The modern web has seen to it that few other metrics are more important than speed, scalability and high availability in delivering an application to consumers. It’s lucky that computers are faster than ever and the cost of bandwidth continues to go down.
While the computing world is seeing more progress today than any other point in time, that growth isn’t happening in a vacuum. The requirements we have of our software and hardware has been drastically increasing, and at times, traditional processing, even with modern architecture just doesn’t cut it.
Could In-memory computing be the savior we’ve been waiting for?
Why Use In-Memory Computing?
Like most technology, in-memory computing isn’t applicable in every application you can possibly think of. In order to understand why in-memory computing came up as a problem-solving strategy, it helps to look at current approaches to understand why they are so flawed.
As businesses grow, the amount of data they consume grows and as new technology is invented, data that was previously useless suddenly finds a myriad of applications. This usually necessitates either vertical scaling or horizontal scaling.
Vertical scaling invoices stacking up a single computer with more processing power, memory, and disk space to meet demands. This might include moving to newer technology such as SSDs whenever possible. Horizontal scaling involves adding more computers to divide processing between them.
Vertical and horizontal scaling is incredibly useful techniques to keep the engines going on a fast-growing system. Small, incremental changes to hardware alone can’t make up for the slowest part of most modern tech stocks: the read-write cycles of disk-based systems.
One of the main reasons the use of in-memory computing has become so widespread is for its ability to dramatically reduce the amount of latency experienced by a system. RAM is inherently faster than any solid-state drive and faster still as compared to hard drives. Storing information in-memory makes it available much faster, thus faster processing.
The biggest consequence of reduced latencies thanks to in-memory processing is real-time processing. Real-time processing, as opposed to deferred or batch processing, is analyzing data and sending it where it needs to be immediately (or so fast the end-user can barely notice a delay).
Real-time processing is an application that has made itself extremely important over the last few years, with live streaming videos, games and movies being a mainstay on social media and the internet.
To tap the full extent your computer has to offer and offer real-time data, you will likely have to utilize several layers of caching and at least some amount of in-memory processing.
The importance of real-time processing should be immediately apparent in cases such as transaction processing and fraud detection.
At the risk of sounding redundant, in-memory processing is very fast.
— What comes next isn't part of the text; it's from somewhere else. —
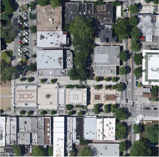 Required yards, planted areas, fountains, community gardens, rooftop gardens, parks, plazas, hardscape elements related to sidewalks and plazas, amenity space, and similar features.
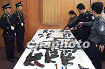 广东省严打整治斗争战果显著,四月以来,全省共破各类刑事案件五千八百起,抓获犯罪嫌疑人六千多名,缴获枪枝一百多支。图为警方展示近日缴获的枪械。中新社图 梁永强 摄

But since all this data is stored in the RAM, an obvious concern is volatility. What happens to all those terabytes of data if there’s a sudden blackout or the system crashes for whatever reason?
The developers of projects like Spark and Apache Kafka recognized the problem early on and developed the programs to be fault-tolerant. They rely on both disk and memory processing at the same time in case anything goes wrong. But this doubles up to save the day when it comes to rebooting your system, too.
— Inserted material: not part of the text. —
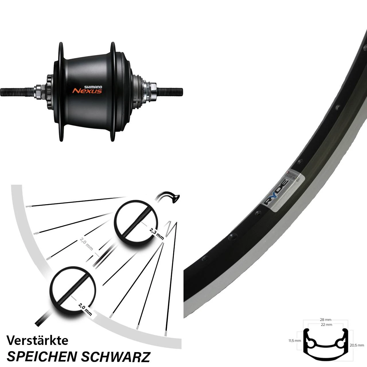 Laufräder mit Nabenschaltung von Ryde sind sehr robust. Die Felge ist in der Farbe schwarz erhältlich. Für Fahrradschläuche mit einem 6,5 mm (darf auf 8,5 mm aufgebohrt werden) Ventil ist dieses qualitativ hochwertige Hinterrad mit integrierter Nabenschaltung optimal.

In-memory processing requires that all your data should be within the RAM to be processed, but even the fastest RAM modules will take hours to fully-load terabytes of data.
Rather than waiting around for this data to be available, in-memory systems rely on the beauty of fault-tolerance to process the data that was stored on disk while the rest loads into memory. It’s virtually zero downtime.
Drawbacks of In-memory Computing
In-memory processing can make certain applications so much faster it may seem like magic to the inexperienced developer. This may lead them into a harmful spiral where they attempt to leverage it for every application that they come across, but working with in-memory computing can be tricky, and any mistakes costly.
As such, some crucial factors must be taken into consideration before the decision for a full migration to in-memory processing is reached.
Like any technology, in-memory processing has its own set of drawbacks. The one that should be most apparent is price.
By virtue of how it operates, in-memory processing requires that as much of the data to be processed fits in the RAM as possible. This means that anyone looking to utilize the technology needs a very decent amount of memory.
The cost of memory has gone down so drastically in the last decade. Anyone can afford 64 GB of RAM if they know where to put their money. However, RAM is still a lot more expensive as compared to hard drive memory and even more costly than SSDs, which are already pretty expensive, to begin with.
Limits on Database Size
It’s already been mentioned before, but RAM is a lot more expensive per GB as compared to drive memory. One of the most obvious implications, then, is that it’s nearly impossible to fit all your data inside the memory. Especially so if your company is working on a tight budget and can’t funnel hundreds of thousands of dollars into a new piece of tech.
Risk of Data Loss
The biggest risk you will have to contend with is the risk of losing all your data. RAM is volatile, which means it can only store data so long as there is electricity flowing through it. In the event of a blackout, system-wide crash or reboot, all that data is going to be lost.
Ultimately, no in-memory system can survive on its own. Disk persistence is crucial if any system is going to remain immune to data loss due to abrupt power outages. Apache Zookeeper, the same technology that gives Kafka and Spark their fault-tolerance – is an example of a library that can be used to achieve just that.